In Sound Mind è un horror psicologico in prima persona che fonde azione e stile indie in un'esperienza guidata dalla narrazione su PC. Il giocatore si risveglia in un edificio misterioso e si muove tra ambienti mutevoli legati a sostanze sperimentali e ricordi personali, scoprendo le storie delle vittime mentre affronta orrori sempre più concreti.
Gameplay
Il cuore del gioco è l'esplorazione in prima persona, che alterna movimento da avventura, risoluzione di enigmi e sporadici combattimenti. Gli ambienti si trasformano dinamicamente, guidando il giocatore attraverso storie distinte: ogni sezione introduce meccaniche, armi e sfide specifiche. Gli enigmi sono spesso la chiave per sconfiggere le minacce più grandi e richiedono osservazione e soluzioni creative più che azioni dirette.
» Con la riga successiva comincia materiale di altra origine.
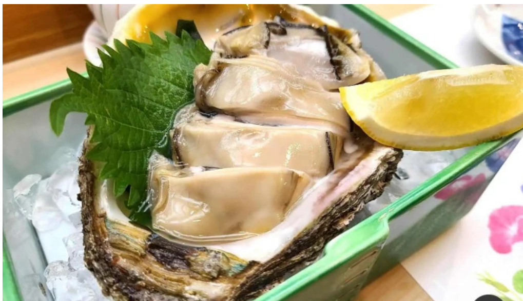
呉竹鮨 松江本店 カキ

Il combattimento è misurato: il giocatore impara gli schemi nemici e usa gli strumenti a disposizione per avanzare. Una gatta di nome Tonia accompagna il percorso, offrendo momenti interattivi leggeri tra le tensioni. Il design punta sul disorientamento, con oggetti animati e svolte inattese in spazi familiari.
Game Modes
In Sound Mind propone una campagna single-player articolata in una serie di storie inquietanti. Ogni storia è un capitolo autonomo con i propri enigmi, meccaniche, armi e scontri contro boss. Non esistono modalità multigiocatore né alternative: l'esperienza si concentra sul progresso narrativo sequenziale attraverso questi segmenti basati sui ricordi. Il giocatore passa da una storia all'altra, avvicinandosi gradualmente alla comprensione del mistero centrale.
Narrative and Atmosphere
La trama segue il protagonista, uno psicoterapeuta, mentre esplora le menti dei pazienti colpiti dalla stessa sostanza. Visioni bizzarre e orrori personali emergono direttamente dall'ambiente, accompagnati da una colonna sonora originale con tracce distinte per ogni storia. Dettagli come manichini senzienti e la presenza costante della gatta contribuiscono a un'atmosfera di disagio immaginifica ma credibile. La scrittura bilancia ironia e profondità psicologica, privilegiando la tensione atmosferica e le rivelazioni sui personaggi rispetto agli spaventi improvvisi.
Is It Worth Playing?
La ricezione su piattaforme principali resta molto positiva a distanza di anni, con lodi per gli enigmi originali, i boss memorabili e la colonna sonora coesa. Il titolo è ideale per chi cerca un horror psicologico che privilegia storia, esplorazione e meccaniche intelligenti rispetto all'azione continua o ai jump scare. L'esperienza è completa e autoconclusiva, senza contenuti stagionali né espansioni. Appassionati di indie narrative con elementi horror lo troveranno coinvolgente, soprattutto se apprezzano titoli che premiano l'osservazione attenta e il pensiero laterale negli scontri con i boss. Chi cerca multiplayer frenetici o libertà open-world potrebbe trovare la struttura lineare meno adatta. Nel complesso, resta una scelta solida per gli appassionati di horror single-player in cerca di un'esperienza distintiva.